#### Work task:
Without pictures, repeat exactly the lines from the one containing "This walk-in shower" through the end of the entries.

Records excerpted from a collection
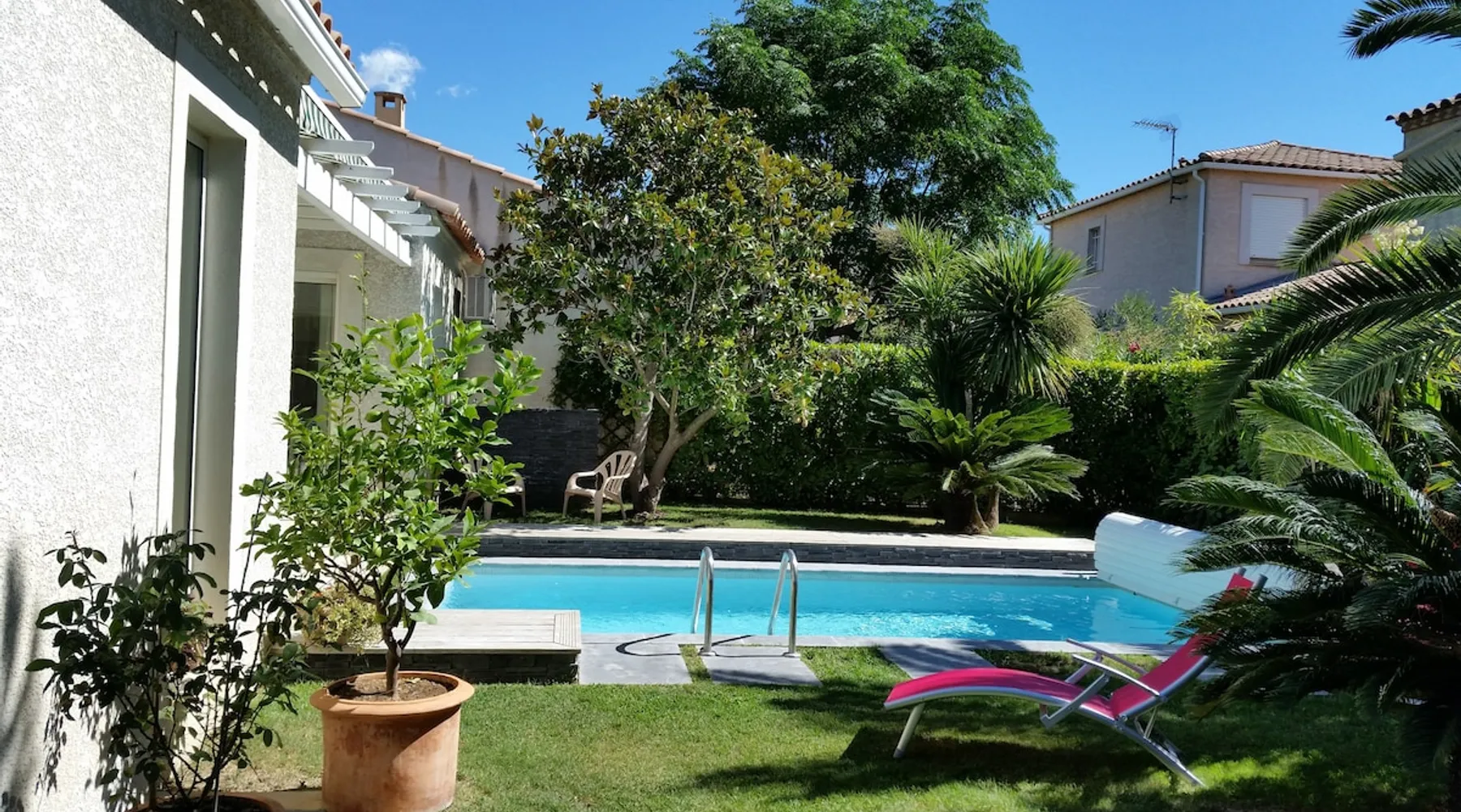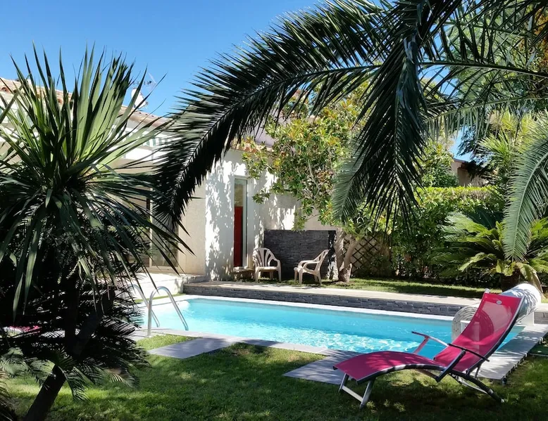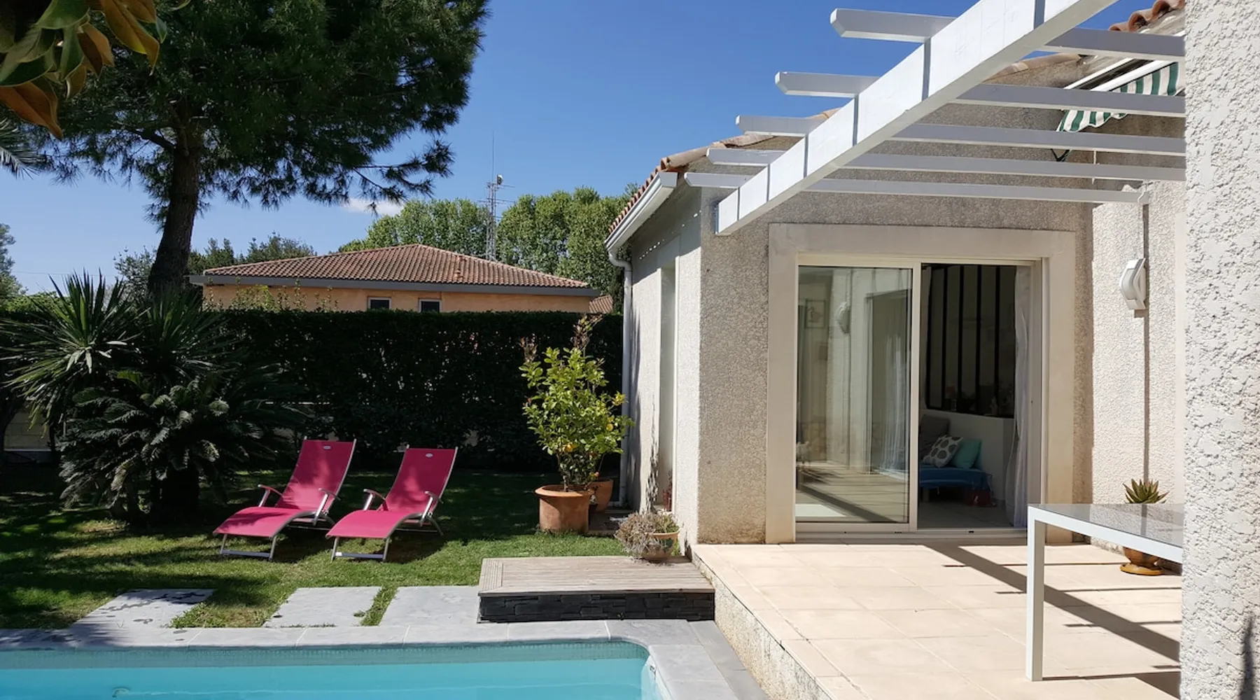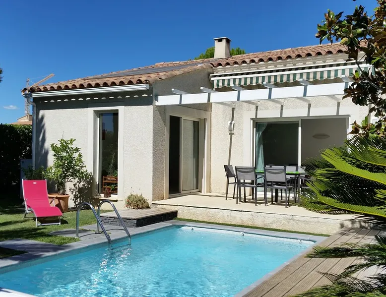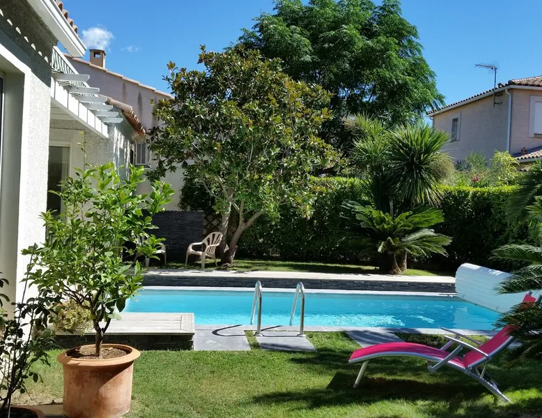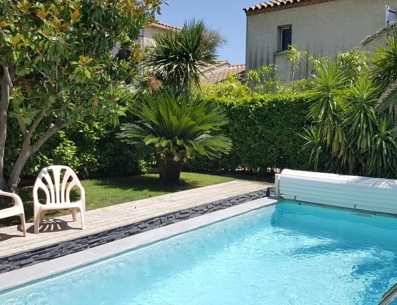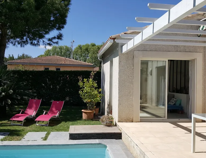 Very beautiful air-conditioned villa on one level with swimming pool, facing south, located in the heart of the village of Lattes in a secure residential area of the city center halfway between the sea and Montpellier close to the tram and all shops Ideal for 4 people - Possibility for 6 people (living room with sleeping area and 2 children's beds) The space Ideally located half way between Palavas and Montpellier (7 min drive) In the center of the village, in a small private subdivision of 9 villas, secured with entrance gate and access code. 2 minutes' walk from the beautiful Sunday market of Lattes and all shops (bakery, press, city crossroads, butcher shop, primeur...) 5 minutes' walk from the tram that will take you to Montpellier centre, train station, supermarkets... 1 minute from the cycling path which joins on one side Montpellier and on the other Palavas along the Méjean natural site and the ponds in 20 minutes of walking (2 bikes are at your disposal) Possibility to come by train: everything can be done on foot, by bike or by tram. Ideal for 4 people - Possibility of 6 people (sleeping area lounge with 2 children's beds) This house of about 100 m2 on its 500 m2 lot will seduce you with its very wooded exterior, its enclosed garden and its 6m×3m flat bottom swimming pool of 1m50 protected by an electric curtain. With its terrace and living room facing south, our ultra-light house, is composed of: -A 1st bedroom with a 160 bed and XL shower. -A second bedroom with a 160 bed with an Italian shower and toilet -A second toilet -A large open plan living room with kitchen, living room, office, office and a second living room that can be used as a 3rd sleeping area (2 60 cm benches): This space is separated from the rest of the room by a canopy and a curtain. 1 secure parking space is available in front of the house. Access to garage for bicycles Opposite a guest bedroom window of the neighbor very rarely occupied, see in photos. Amenities at your disposal: connected TV, Bluetooth smart speaker, electric barbecue, electric plancha, washing machine, dishwasher, freezer, wine cellar... Registration Details 3412900016415
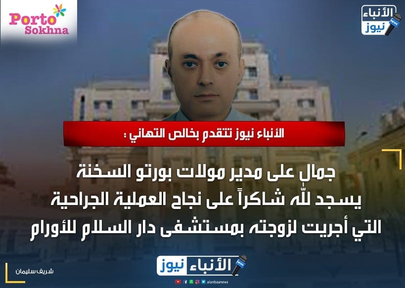 جمال علي مدير مولات بورتو السخنة يسجد لله شاكرا علي نجاح العملية الجراحية التي أجريت لزوجتة وشريكة حياتة ويتقدم بخالص الشكر والتقدير إلي مستشفى دار السلام للأورام وإلي السادة أطباء المستشفي وعلي رأسهم الاستاذ الدكتور أشرف شوقي والدكتور ابراهيم عبد الرحمن و الدكتور محمد النبراوي و الدكتور أحمد حلمي و الدكتور محمد قدر والاستاذة يسرا سيد زيدان سكرتيرة العمليات كما يشكر تمريض الدور الرابع بالمستشفي علي ما بذلوه من جهد وعلي رأسهم الأستاذة ثناء اسماعيل رئيسة التمريض والممرضة مني سيد الممرض احمد نور الدين وكافة التمريض والعاملين والعاملات بالمستشفي .
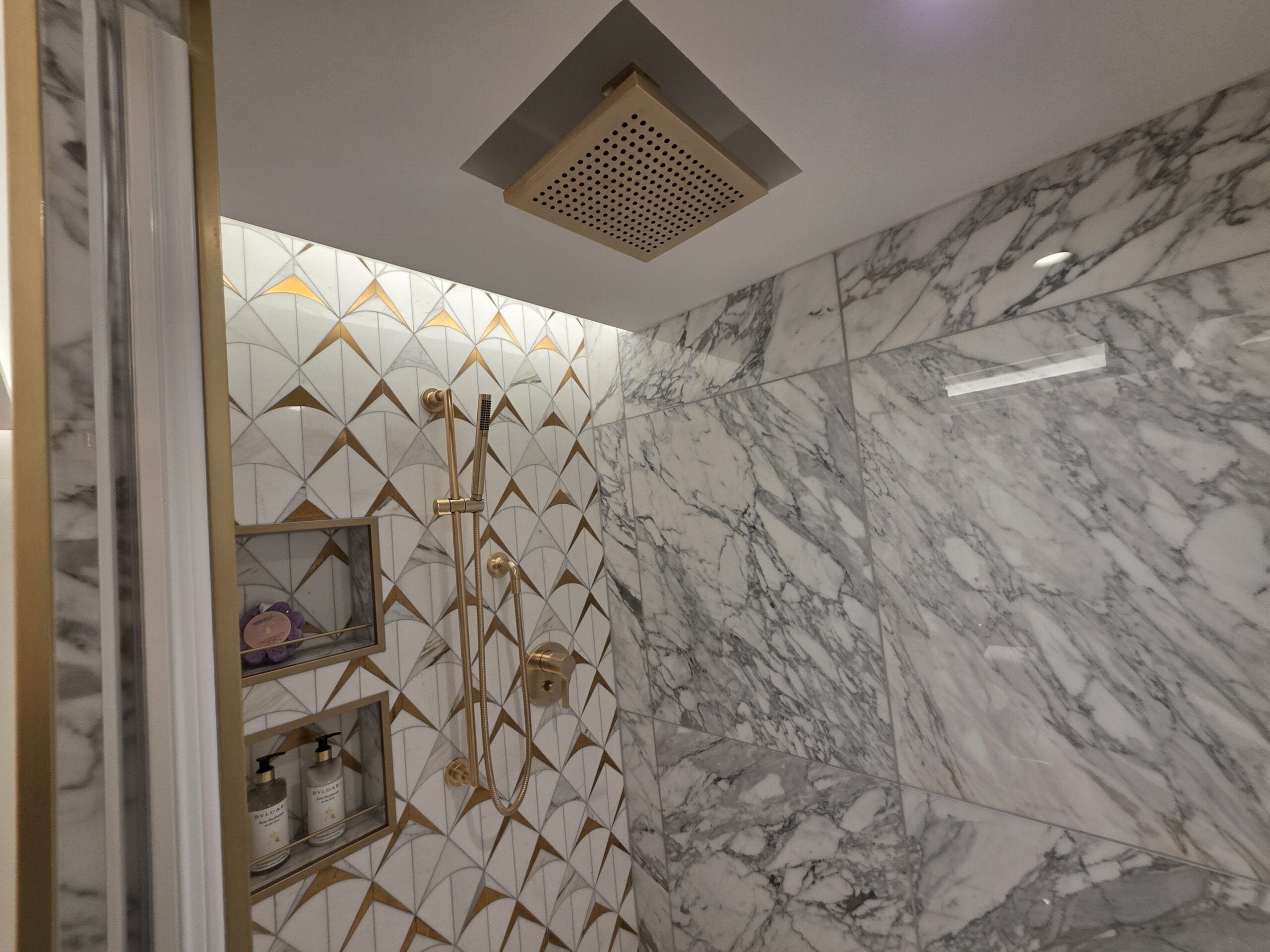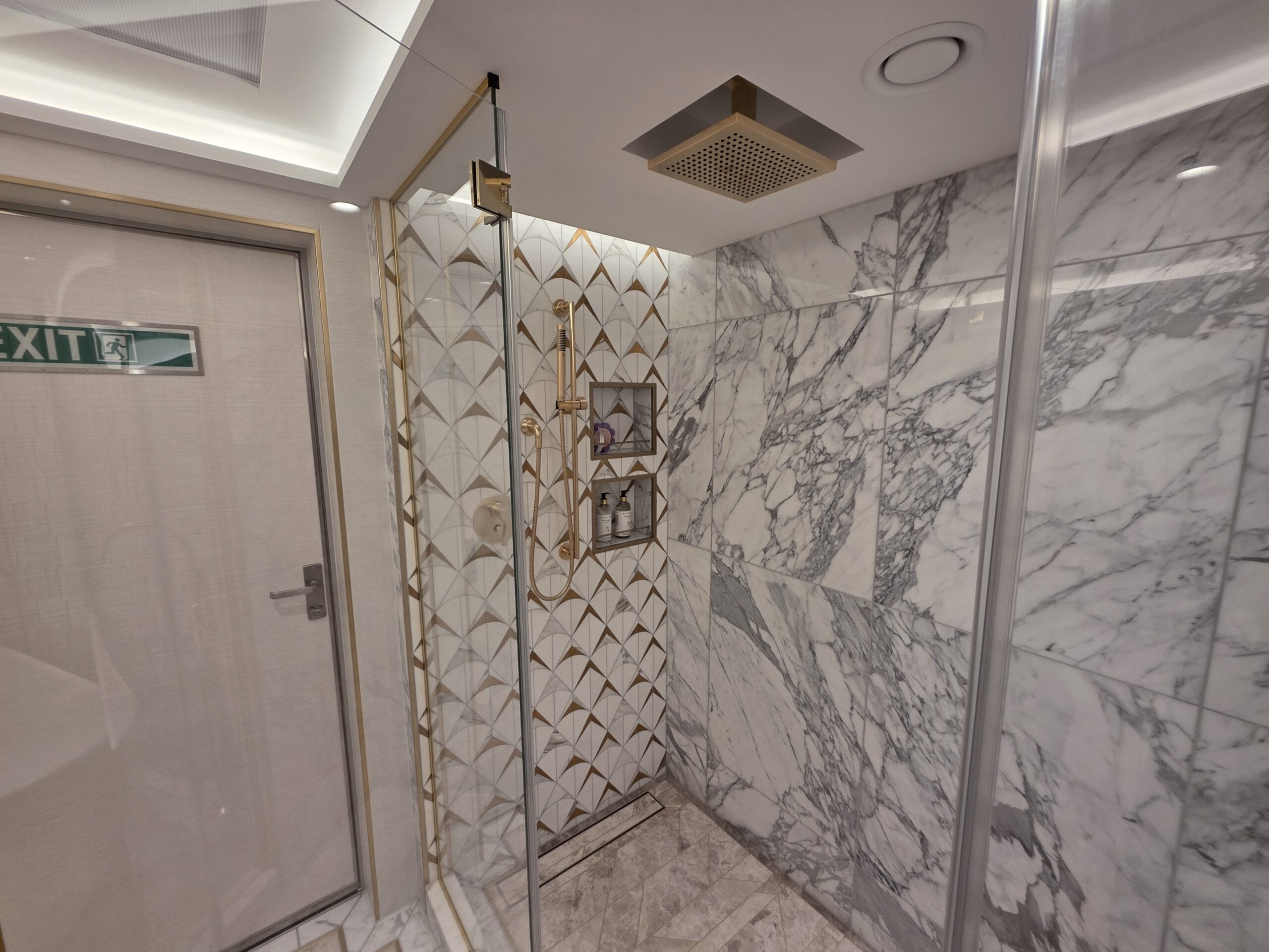 This walk-in shower also features a rainfall shower head and built-in shelves.
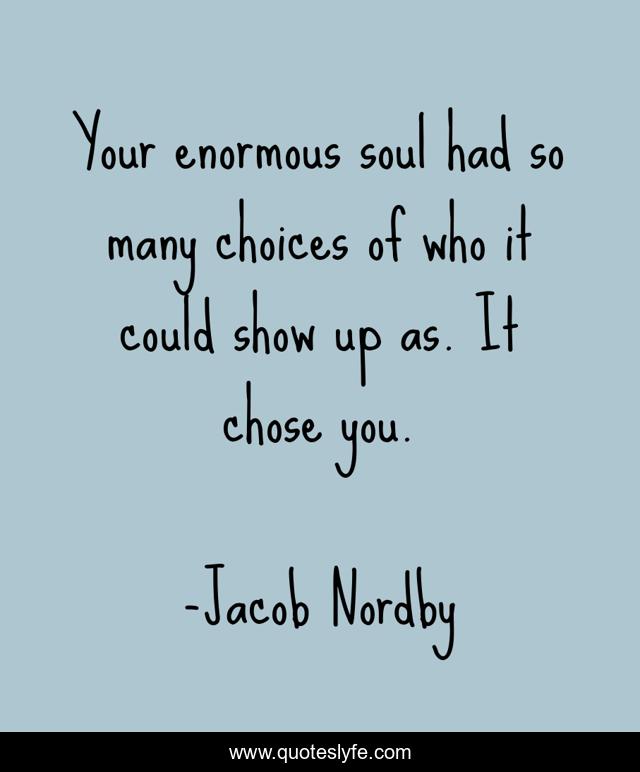 "Jacob Nordby Quotes." Quoteslyfe.com, 2025. Mon. 08 Dec. 2025. <https://www.quoteslyfe.com/quote/Your-enormous-soul-had-so-many-choices-255185>.
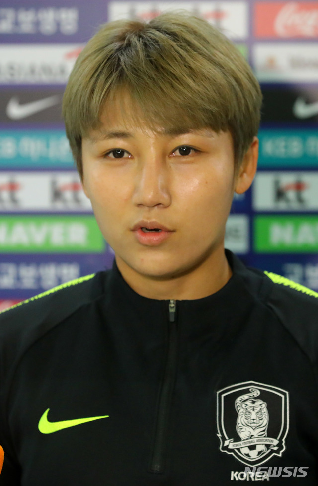 【파주=뉴시스】배훈식 기자 = 2019 피파 프랑스 여자월드컵 대표팀 여민지가 13일 오후 경기 파주시 파주NFC에서 취재진의 질문에 답하고 있다. 2019.05.13. [email protected]
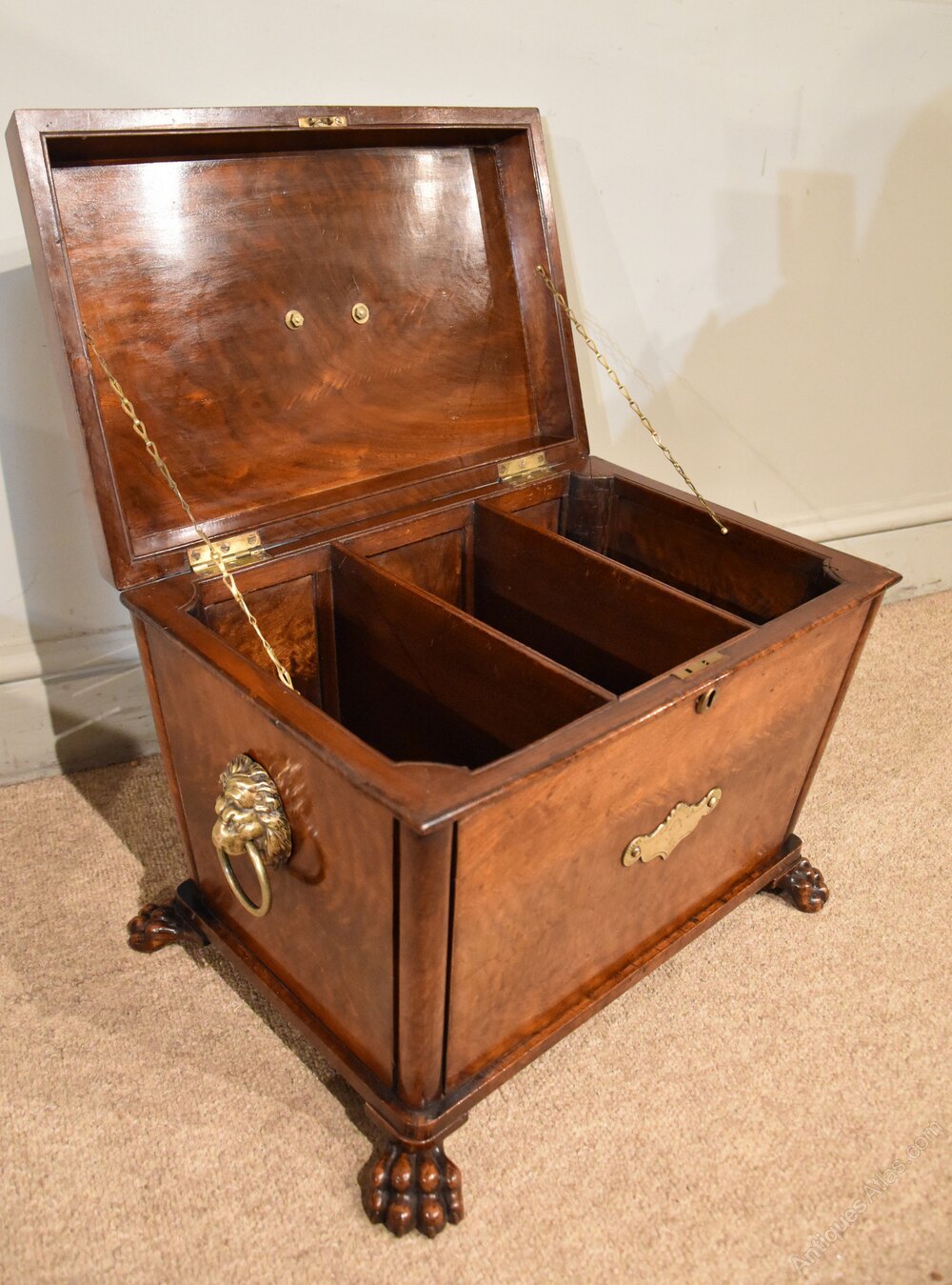 Very fine quality Regency mahogany cellarette with exquisite lion handles and with paw feet

#### Response below:
 This walk-in shower also features a rainfall shower head and built-in shelves.
 "Jacob Nordby Quotes." Quoteslyfe.com, 2025. Mon. 08 Dec. 2025. <https://www.quoteslyfe.com/quote/Your-enormous-soul-had-so-many-choices-255185>.
 【파주=뉴시스】배훈식 기자 = 2019 피파 프랑스 여자월드컵 대표팀 여민지가 13일 오후 경기 파주시 파주NFC에서 취재진의 질문에 답하고 있다. 2019.05.13. [email protected]
 Very fine quality Regency mahogany cellarette with exquisite lion handles and with paw feet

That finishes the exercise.